Column group 615L is unchanged.
[0147] In FIG. 14D, splitting off of shared tokens 405 has been
performed. This causes column group 615L to be split into two
columns 615P and 615Q.
[0148] In FIG. 14E, removal of duplicates 404 has again been
performed, so that column group 615P now contains one entry. The
results can then be provided as consolidated list 307.
[0149] The present invention has been described in particular
detail with respect to possible embodiments. Those of skill in the
art will appreciate that the invention may be practiced in other
embodiments. First, the particular naming of the components,
capitalization of terms, the attributes, data structures, or any
other programming or structural aspect is not mandatory or
significant, and the mechanisms that implement the invention and/or
its features may have different names, formats, or protocols.
Further, the system may be implemented via a combination of
hardware and software, as described, or entirely in hardware
elements, or entirely in software elements. Also, the particular
division of functionality between the various system components
described herein is merely exemplary, and not mandatory; functions
performed by a single system component may instead be performed by
multiple components, and functions performed by multiple components
may instead be performed by a single component.
[0150] In various embodiments, the present invention can be
implemented as a system or a method for performing the
above-described techniques, either singly or in any combination. In
another embodiment, the present invention can be implemented as a
computer program product comprising a nontransitory
computer-readable storage medium and computer program code, encoded
on the medium, for causing a processor in a computing device or
other electronic device to perform the above-described
techniques.
[0151] Reference in the specification to "one embodiment" or to "an
embodiment" means that a particular feature, structure, or
characteristic described in connection with the embodiments is
included in at least one embodiment of the invention. The
appearances of the phrase "in one embodiment" in various places in
the specification are not necessarily all referring to the same
embodiment.
[0152] Some portions of the above are presented in terms of
algorithms and symbolic representations of operations on data bits
within a memory of a computing device. These algorithmic
descriptions and representations are the means used by those
skilled in the data processing arts to most effectively convey the
substance of their work to others skilled in the art. An algorithm
is here, and generally, conceived to be a self-consistent sequence
of steps (instructions) leading to a desired result. The steps are
those requiring physical manipulations of physical quantities.

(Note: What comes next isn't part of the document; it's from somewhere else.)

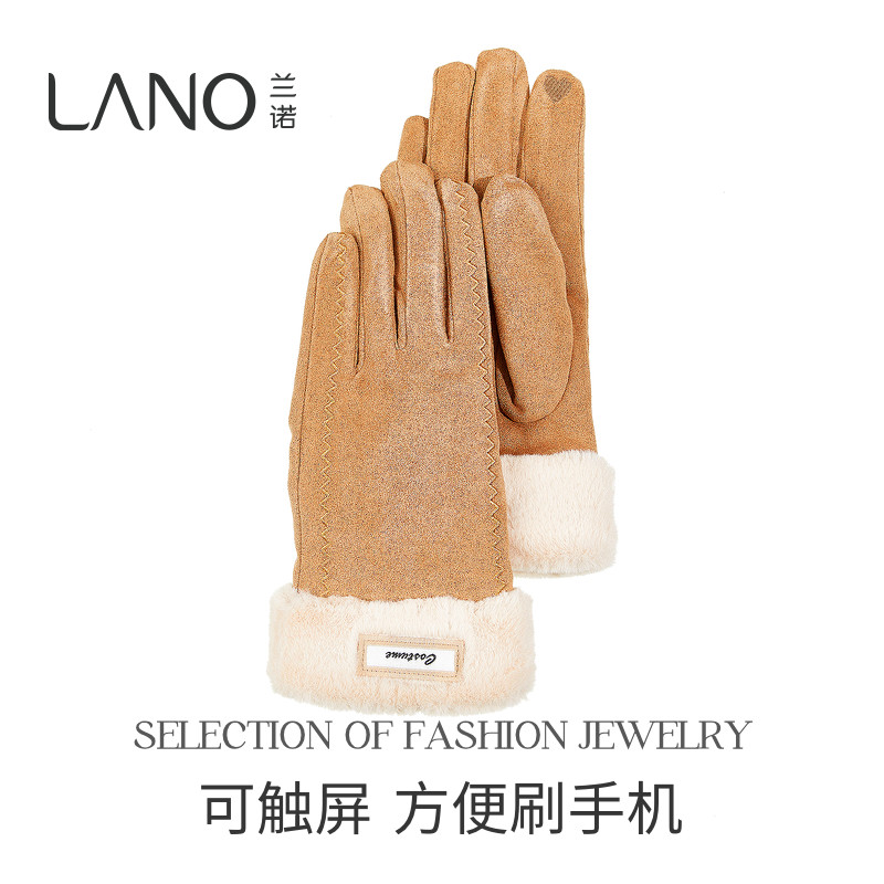 兰诺户外骑行手套女士可触屏2025新款冬骑电动车加绒保暖防寒手套

Usually, though not necessarily, these quantities take the form of
electrical, magnetic or optical signals capable of being stored,
transferred, combined, compared and otherwise manipulated. It is
convenient at times, principally for reasons of common usage, to
refer to these signals as bits, values, elements, symbols,
characters, terms, numbers, or the like. Furthermore, it is also
convenient at times, to refer to certain arrangements of steps
requiring physical manipulations of physical quantities as modules
or code devices, without loss of generality.
[0153] It should be borne in mind, however, that all of these and
similar terms are to be associated with the appropriate physical
quantities and are merely convenient labels applied to these
quantities. Unless specifically stated otherwise as apparent from
the following discussion, it is appreciated that throughout the
description, discussions utilizing terms such as "processing" or
"computing" or "calculating" or "displaying" or "determining" or
the like, refer to the action and processes of a computer system,
or similar electronic computing module and/or device, that
manipulates and transforms data represented as physical
(electronic) quantities within the computer system memories or
registers or other such information storage, transmission or
display devices.
[0154] Certain aspects of the present invention include process
steps and instructions described herein in the form of an
algorithm. It should be noted that the process steps and
instructions of the present invention can be embodied in software,
firmware and/or hardware, and when embodied in software, can be
downloaded to reside on and be operated from different platforms
used by a variety of operating systems.
[0155] The present invention also relates to an apparatus for
performing the operations herein. This apparatus may be specially
constructed for the required purposes, or it may comprise a
general-purpose computing device selectively activated or
reconfigured by a computer program stored in the computing device.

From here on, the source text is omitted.